2012/11/1402:06关键词:雅思阅读备考素材:科技与自然(下)
下面继续是北京新航道小编整合网络资源为同学们总结的雅思阅读备考材料的第二部分,主要是关于“科技与自然”的相关内容。
Other examples of biomimetics abound: Autotype, a materials firm, has developed a plastic film based on the complex microstructures found in moth eyes, which have evolved to collect as much light as possible without reflection. When applied to the screen of a mobile phone, the film reduces reflections and improves readability, and improves battery life since there is less need to illuminate the screen. Researchers at the University of Florida, meanwhile, have devised a coating inspired by the rough, bristly skin of sharks. It can be applied to the hulls of ships and submarines to prevent algae and barnacles from attaching themselves. At Penn State University, engineers have designed aircraft wings that can change shape in different phases of flight, just as birds' wings do. And Dr Vincent has devised a smart fabric, inspired by the way in which pine cones open and close depending on the humidity, that could be used to make clothing that adjusts to changing body temperatures and keeps the wearer cool.
From hit-and-miss to point-and-click
Yet despite all these successes, biomimetics still depends far too heavily on serendipity, says Dr Vincent. He estimates that there is only a 10% overlap between biological and technological mechanisms used to solve particular problems. In other words, there is still an enormous number of potentially useful mechanisms that have yet to be exploited. The problem is that the engineers looking for solutions depend on biologists having already found them—and the two groups move in different circles and speak very different languages. A natural mechanism or property must first be discovered by biologists, described in technological terms, and then picked up by an engineer who recognises its potential.
This process is entirely the wrong way round, says Dr Vincent. “To be effective, biomimetics should be providing examples of suitable technologies from biology which fulfil the requirements of a particular engineering problem,” he explains. That is why he and his colleagues, with funding from Britain's Engineering and Physical Sciences Research Council, have spent the past three years building a database of biological tricks which engineers will be able to access to find natural solutions to their design problems. A search of the database with the keyword “propulsion”, for example, produces a range of propulsion mechanisms used by jellyfish, frogs and crustaceans.
The database can also be queried using a technique developed in Russia, known as the theory of inventive problem solving, or TRIZ. In essence, this is a set of rules that breaks down a problem into smaller parts, and those parts into particular functions that must be performed by components of the solution. Usually these functions are compared against a database of engineering patents, but Dr Vincent's team have substituted their database of “biological patents” instead. These are not patents in the conventional sense, of course, since the information will be available for use by anyone. By calling biomimetic tricks “biological patents”, the researchers are just emphasising that nature is, in effect, the patent holder.
One way to use the system is to characterise an engineering problem in the form of a list of desirable features that the solution ought to have, and another list of undesirable features that it ought to avoid. The database is then searched for any biological patents that meet those criteria. So, for example, searching for a means of defying gravity might produce a number of possible solutions taken from different flying creatures but described in engineering terms. “If you want flight, you don't copy a bird, but you do copy the use of wings and aerofoils,” says Dr Vincent.
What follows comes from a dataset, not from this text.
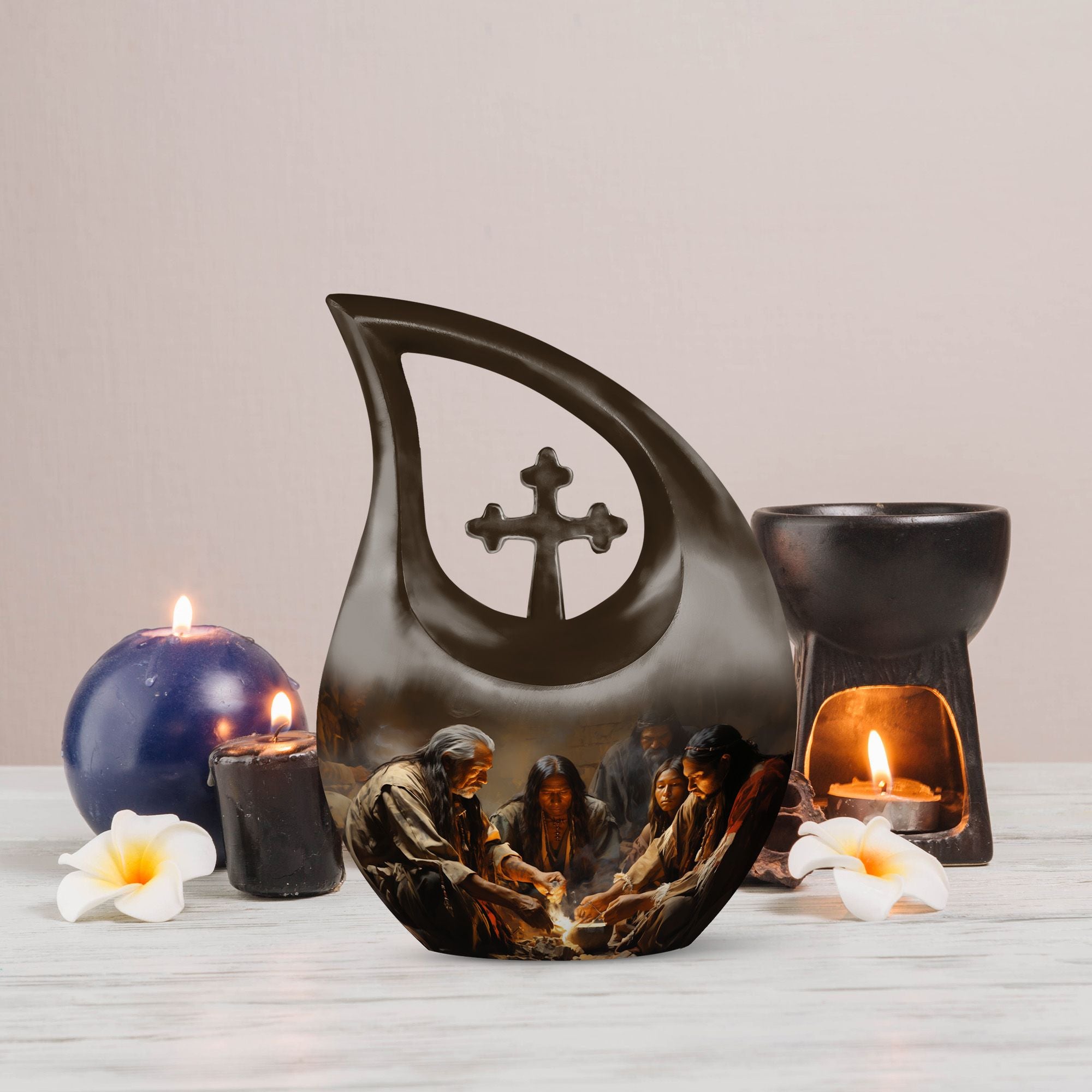Crafted from durable aluminum, this urn features an intricate family-inspired Native American motif symbolizing strength, legacy, and togetherness. Its secure screw-top lid ensures long-term protection, making it ideal for those needing adult urns for women, funeral urns for men, or an urn for human ashes adult men. The artistic detailing creates a warm and reverent look, suitable for display or remembrance ceremonies. Families who prefer smaller memorials can pair this design with small urns for women human ashes or companion keepsakes.

He hopes that the database will store more than just blueprints for biological mechanisms that can be replicated using technology. Biomimetics can help with software, as well as hardware, as the robolobster built by Dr Ayers demonstrates. Its physical design and control systems are both biologically inspired. Most current robots, in contrast, are deterministically programmed. When building a robot, the designers must anticipate every contingency of the robot's environment and tell it how to respond in each case. Animal models, however, provide a plethora of proven solutions to real-world problems that could be useful in all sorts of applications. “The set of behavioural acts that a lobster goes through when searching for food is exactly what one would want a robot to do to search for underwater mines,” says Dr Ayers. It took nature millions of years of trial and error to evolve these behaviours, he says, so it would be silly not to take advantage of them.
Although Dr Vincent's database will not be capable of providing such specific results as control algorithms, it could help to identify natural systems and behaviours that might be useful to engineers. But it is still early days. So far the database contains only 2,500 patents. To make it really useful, Dr Vincent wants to collect ten times as many, a task for which he intends to ask the online community for help. Building a repository of nature's cleverest designs, he hopes, will eventually make it easier and quicker for engineers to steal and reuse them.